In the absence of stimuli, p53 is at a low level of expression, mainly in the form of monomer. p53 protein has the most effective function in the form of tetramer because the DNA binding affinity of tetramer p53 is high (41). Oligomerization of p53 occurs prior to acetylation, and oligomerization could provide a docking site for acetyltransferase (42). Studies have shown that lysine acetylation modification of p53 C-terminal is of much higher efficiency in p53 tetramer than the dimmer and acetylation almost cannot occur on the p53 monomer. Acetylation at p53 C-terminal lysine residue also prevents the ubiquitination at the same lysine residue site induced by MDM2, further stabilizes the tetramer, enhances the DNA binding ability of p53 to specific sequence, and also promotes the recruitment of transcriptional activators (42).

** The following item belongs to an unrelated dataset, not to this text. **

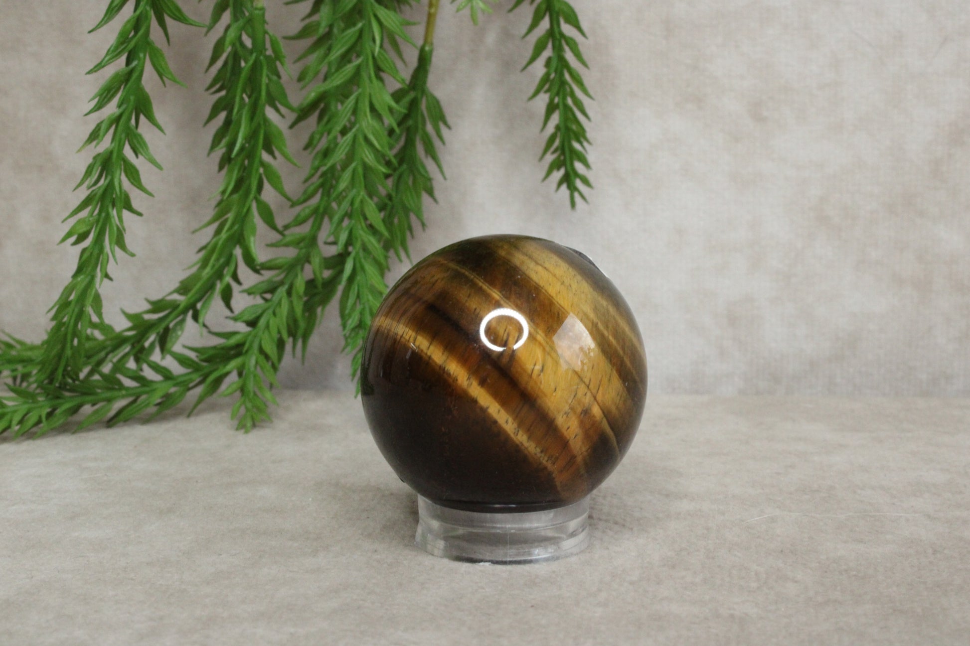 Tijgeroog wordt vaak geassocieerd met kracht, zelfvertrouwen en bescherming. De steen kan helpen bij het maken van keuzes en geeft ondersteuning in situaties waarin je wat extra moed of focus nodig hebt. Door de bolvorm wordt de energie gelijkmatig verspreid, wat hem fijn maakt om in huis neer te zetten of te gebruiken bij meditatie.

The mechanism of p53 transactivation is variant on different promoters and acetylation modification plays an important role in the selective regulation of p53 function. The role of acetylation is dependent on the cellular environment.
Methylation at lysine and arginine is also a reversible mechanism for the regulation of p53 function. K370, K372, K373 and K382 at the carboxy terminus of p53 can be methylated and the effect to enhance (43,44) or inhibit (45) the function of p53 depends on the modified site. Jansson et al. reported that three arginine residues R333, R335 and R337 of the p53 oligomerization domain (TET) can be methylated by a class II methyltransferase PRMT5 (46).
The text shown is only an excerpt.